-- What to produce --
Return the listing in full and exactly, but without a single picture.

-- Data listing --
- - - - - - -

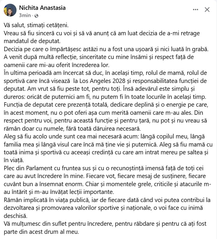 În ultima perioadă am încercat să duc, în același timp, rolul de mamă, rolul de sportivă care încă visează la Los Angeles 2028 și responsabilitatea funcției de deputat. Am vrut să fiu peste tot, pentru toți. Însă adevărul este simplu și dureros: oricât de puternici am fi, nu putem fi în toate locurile în același timp.
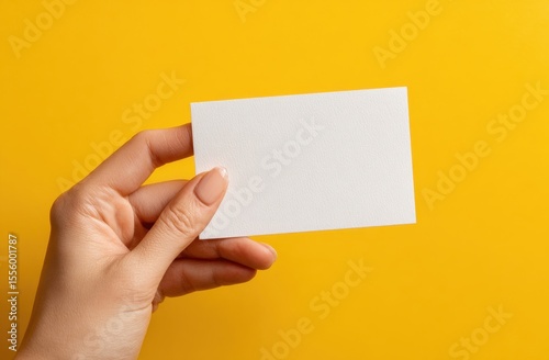 A woman's hand delicately holds a blank white card against a vibrant yellow background, showcasing a minimalist design perfect for your next project.
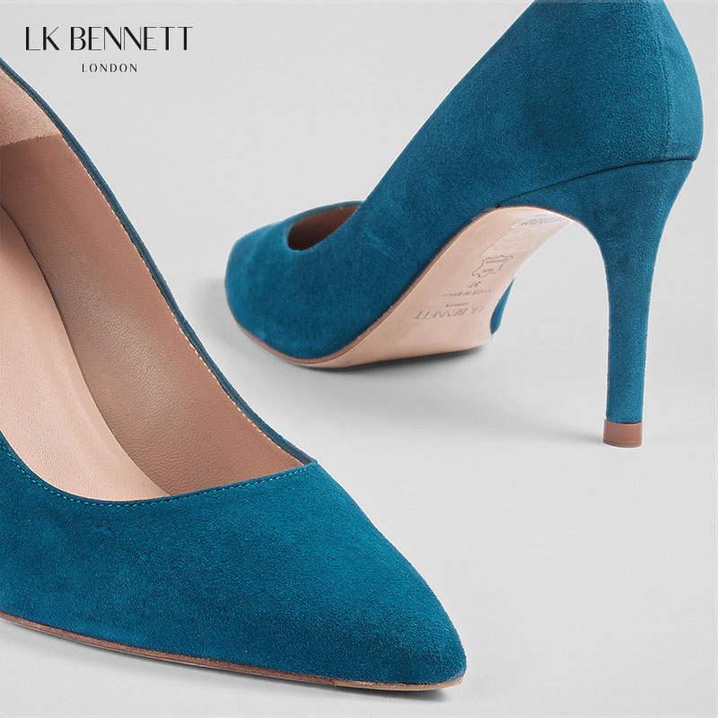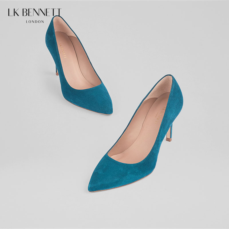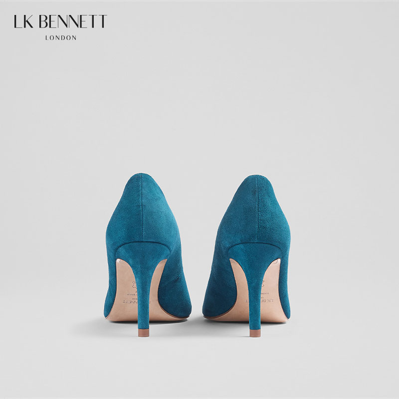 尖头细跟8cm浅口单鞋 lkbennett蓝色绒面高跟鞋 女2024年冬新款
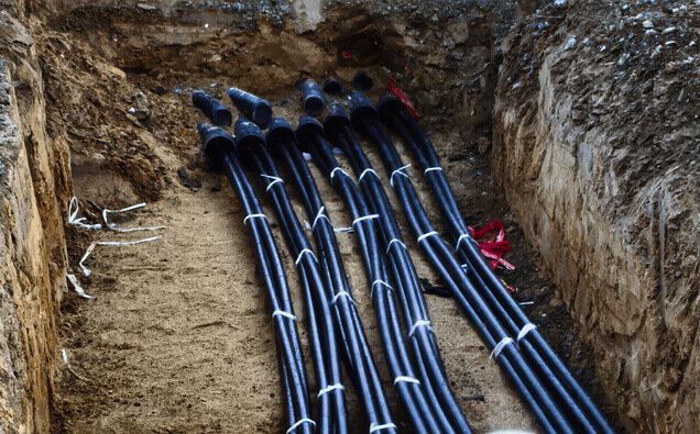 Expert installation of mains cabling from network pillars to metre boxes with correct segregation, depth, and protection to distributor standards.
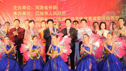 此次演出是在河南省對口援建江油的任務(wù)基本完成和由中國僑聯(lián)援建的北川中學(xué)即將竣工之際,河南省僑聯(lián)為了表達對援建、捐建四川地震災(zāi)區(qū)建設(shè)者的崇高敬意,組織近50名演員專場慰問演出。四川省僑聯(lián)從組織接待、提供用車、制定方案、聯(lián)絡(luò)協(xié)調(diào)、勘測場地、組織參觀、安全保障等給予了全方位的配合和支持。綿陽市僑聯(lián)、江油外僑辦積極參與,組織有序,使2000多名援建工作者和當(dāng)?shù)厝罕、學(xué)生觀看了演出,達到了慰問目的。(趙建中)

- - - - - - -

-- Exercise answer --
 În ultima perioadă am încercat să duc, în același timp, rolul de mamă, rolul de sportivă care încă visează la Los Angeles 2028 și responsabilitatea funcției de deputat. Am vrut să fiu peste tot, pentru toți. Însă adevărul este simplu și dureros: oricât de puternici am fi, nu putem fi în toate locurile în același timp.
 A woman's hand delicately holds a blank white card against a vibrant yellow background, showcasing a minimalist design perfect for your next project.
 尖头细跟8cm浅口单鞋 lkbennett蓝色绒面高跟鞋 女2024年冬新款
 Expert installation of mains cabling from network pillars to metre boxes with correct segregation, depth, and protection to distributor standards.
 此次演出是在河南省對口援建江油的任務(wù)基本完成和由中國僑聯(lián)援建的北川中學(xué)即將竣工之際,河南省僑聯(lián)為了表達對援建、捐建四川地震災(zāi)區(qū)建設(shè)者的崇高敬意,組織近50名演員專場慰問演出。四川省僑聯(lián)從組織接待、提供用車、制定方案、聯(lián)絡(luò)協(xié)調(diào)、勘測場地、組織參觀、安全保障等給予了全方位的配合和支持。綿陽市僑聯(lián)、江油外僑辦積極參與,組織有序,使2000多名援建工作者和當(dāng)?shù)厝罕、學(xué)生觀看了演出,達到了慰問目的。(趙建中)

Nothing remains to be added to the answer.